Bitcoin has had a rough ride in the past few days after hitting record highs, then dipping below $1,000 and now just holding steady, as traders ponder the future of the underlying technology behind the cyrptocurrency.
On March 10, bitcoin hit a high of $1,325.81, but dipped to around $944 on Saturday. The price has recovered somewhat and was trading at around $1,049.20 at the time of publication. The recent volatility is due to a number of factors:
- The rejection by the U.S. Securities and Exchange Commission (SEC) of an exchange-traded fund (ETF) proposed by Cameron and Tyler Winklevoss
- Chinese authorities forcing bitcoin exchanges to halt withdrawals of the virtual currency
- Concern of the future of the underlying technology of bitcoin
This last point refers to a potential bitcoin “fork” which would result in the emergence of two cryptocurrencies – one known as Bitcoin and one known as Bitcoin Unlimited. For a full explanation of this debate, click here.

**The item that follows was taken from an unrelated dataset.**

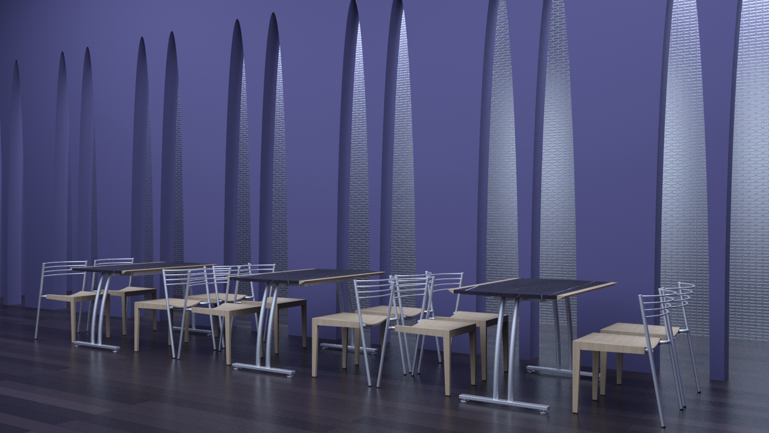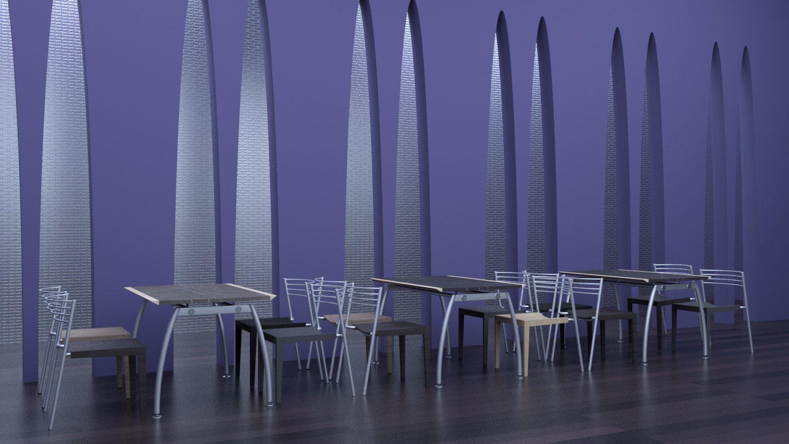 Pour les usages de la restauration collective, j'ai créé la table Oméga à piétement à dégagement latéral, en gardant les éléments identifiants : les tubes verticaux cintrées et le plateau avec ses chants différemment travaillés.

In the last seven days, 54.7 percent of trades on one major exchange called Bitfinex have been to sell bitcoin. The other 45.3 percent have been to buy. At the same time, from bitcoin’s all-time high on March 10 to midday on March 23, the number of short positions on the Bitfinex exchange were up 18.9 percent, hitting levels not seen since February 17. Short positions refer to people betting against a price rise in bitcoin.
Jason Hamilton, a bitcoin trader in the U.S., told CNBC that the long-term supporting trend line for bitcoin is around $735, and that bitcoin is in a bubble right now. He said that a potential upcoming fork, as well as the rejection of the ETF and tighter regulation in China, is the reason he is shorting the digital currency.